=== Data provided ===
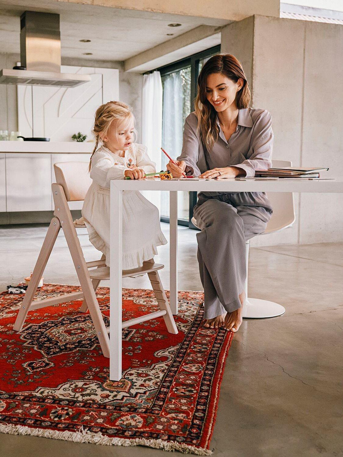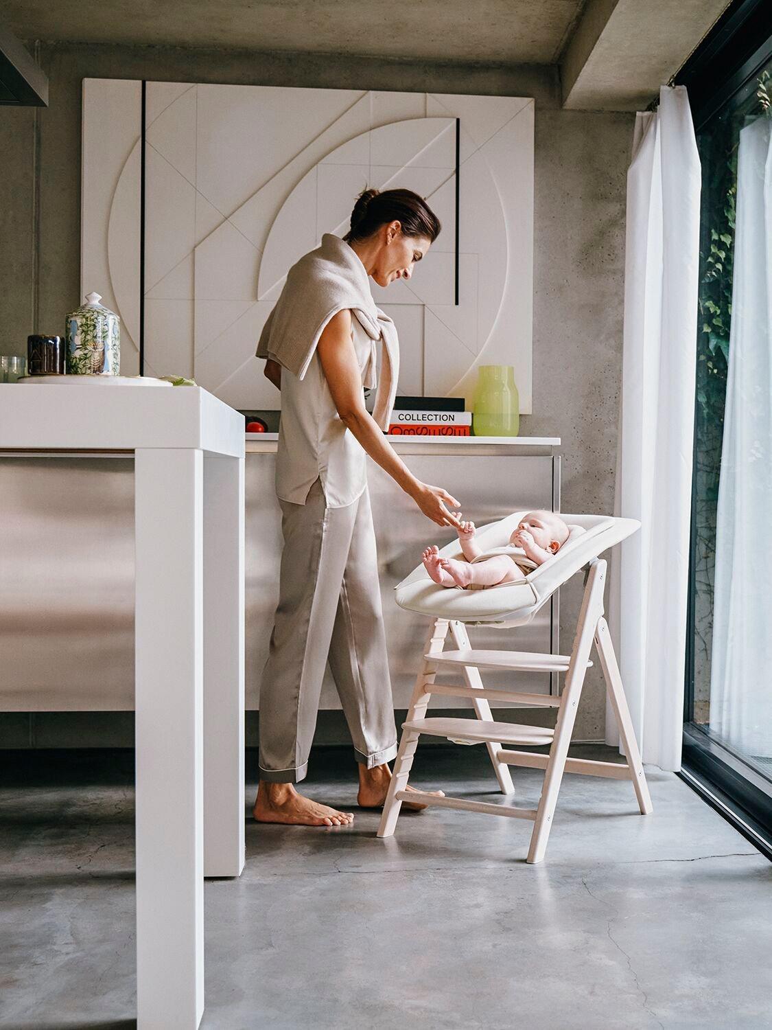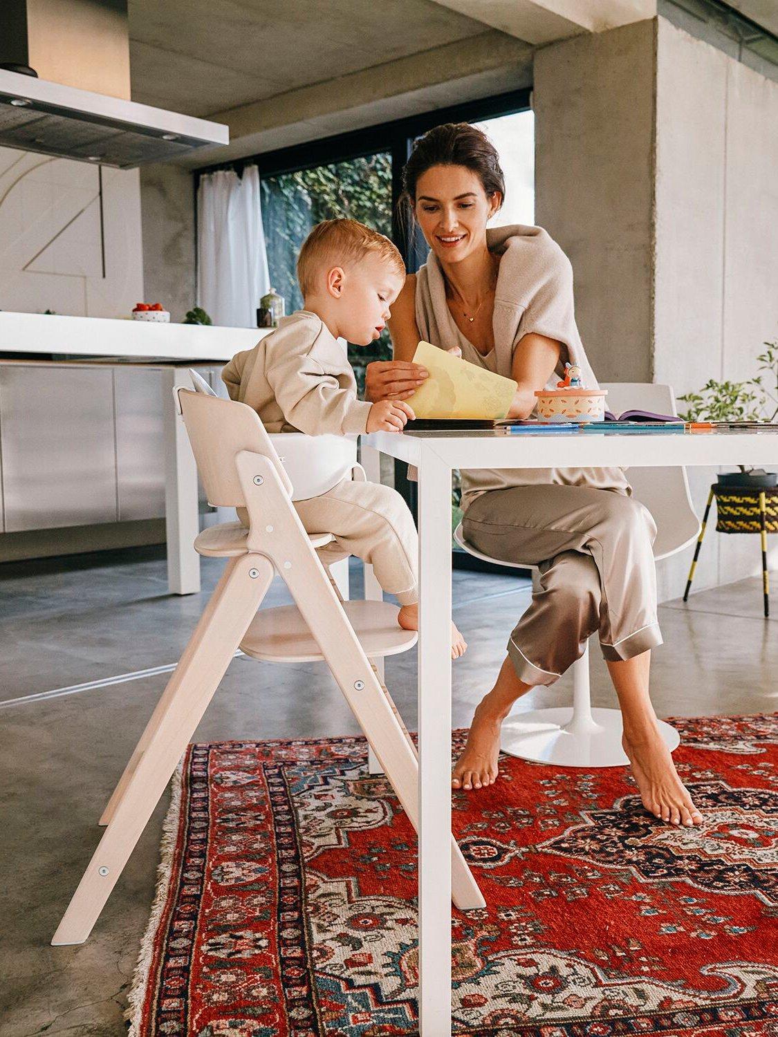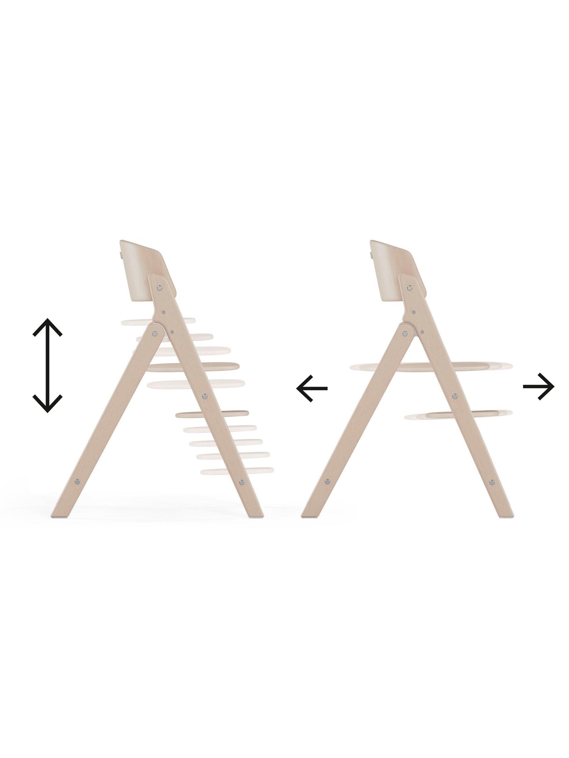 The essence of craftsmanship shines in the beechwood CLICK & FOLD highchair's iconic design. With a reassuring click upon unfolding, it instils trust and embodies the essence of artistry. Its bold, straight edges and curved backrest create an elegant piece of furniture suitable for any home. Ingenious engineering allows a single, smooth fold to transform the highchair into a compact, easily storable size, perfect for modern living. Suitable from birth to 99 years, the CLICK & FOLD 4-in-1 set includes a bouncer nest, baby set with tray, and highchair. It is your lifelong companion, blending design and functionality seamlessly.
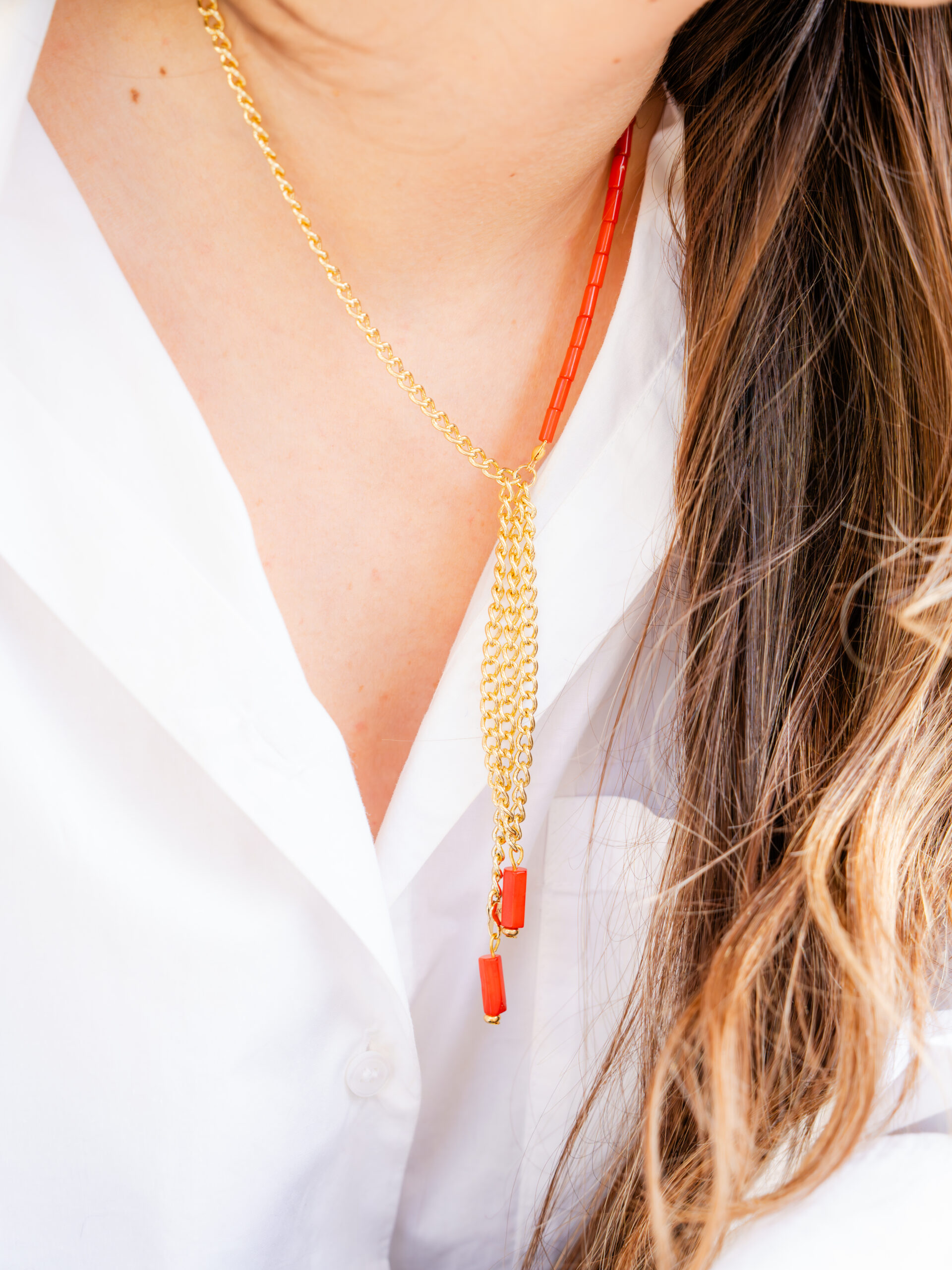Doğal mercan taşı kullanılmıştır. Kullanılan zincir markası xuping olup, kararma yapmamaktadır.
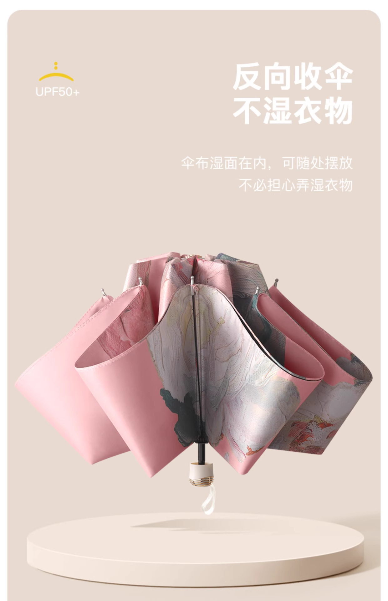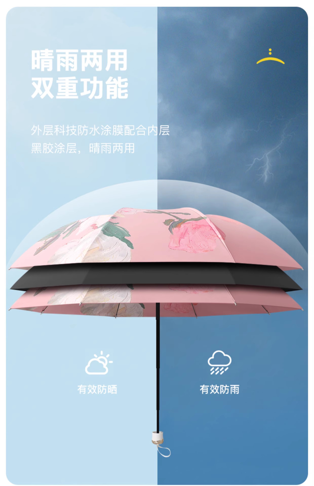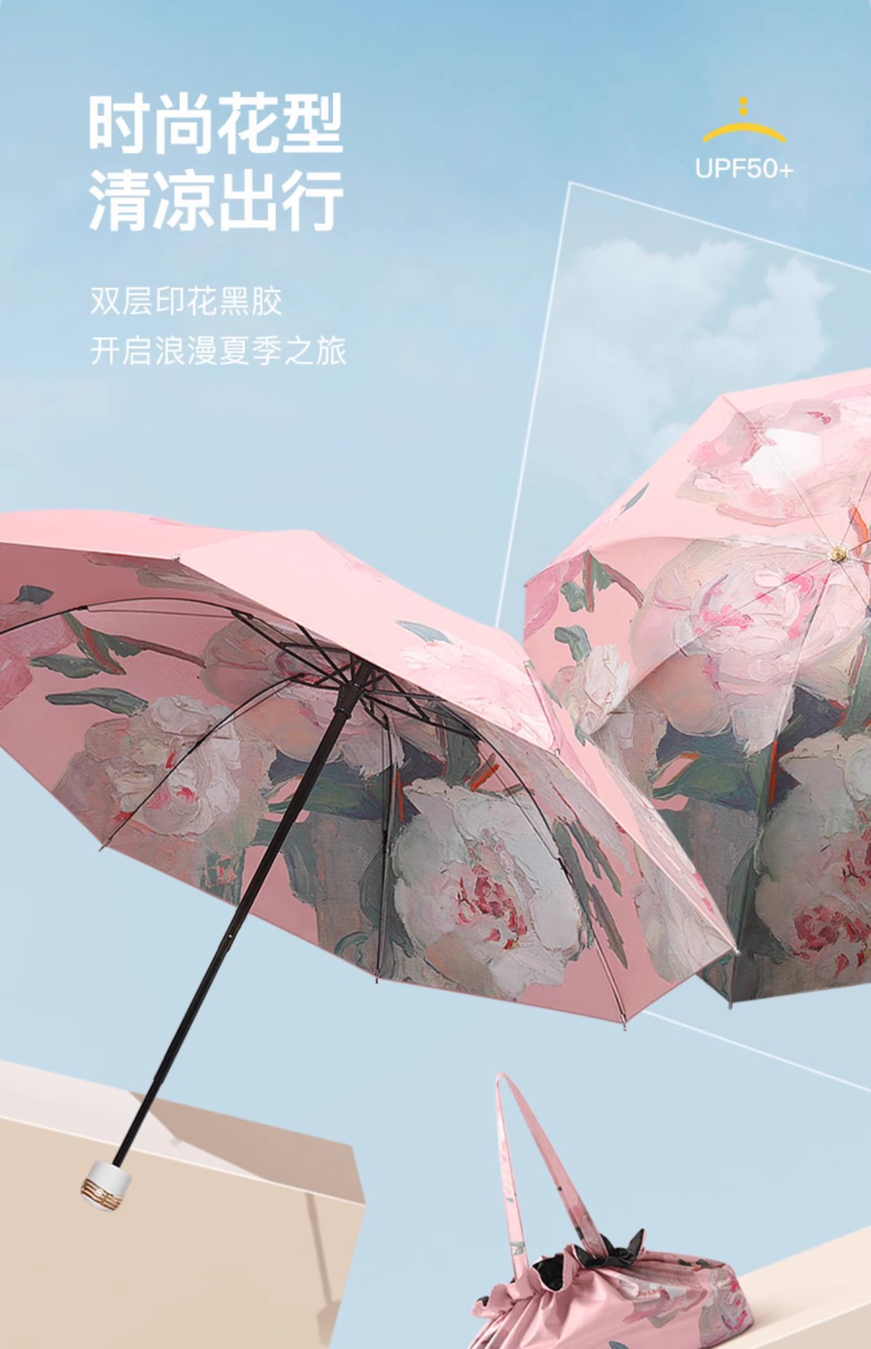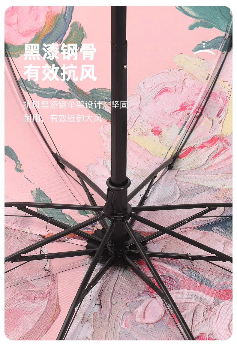 【颜值爆棚❗️UPF50+黑胶晴雨伞】晴雨两用,防紫外线,遇水成珠,雨伞大号自动女遮阳伞八骨油画L

=== Your objective ===
Write out every line above again exactly, with the pictures left out.

=== Task output ===
 The essence of craftsmanship shines in the beechwood CLICK & FOLD highchair's iconic design. With a reassuring click upon unfolding, it instils trust and embodies the essence of artistry. Its bold, straight edges and curved backrest create an elegant piece of furniture suitable for any home. Ingenious engineering allows a single, smooth fold to transform the highchair into a compact, easily storable size, perfect for modern living. Suitable from birth to 99 years, the CLICK & FOLD 4-in-1 set includes a bouncer nest, baby set with tray, and highchair. It is your lifelong companion, blending design and functionality seamlessly.
Doğal mercan taşı kullanılmıştır. Kullanılan zincir markası xuping olup, kararma yapmamaktadır.
 【颜值爆棚❗️UPF50+黑胶晴雨伞】晴雨两用,防紫外线,遇水成珠,雨伞大号自动女遮阳伞八骨油画L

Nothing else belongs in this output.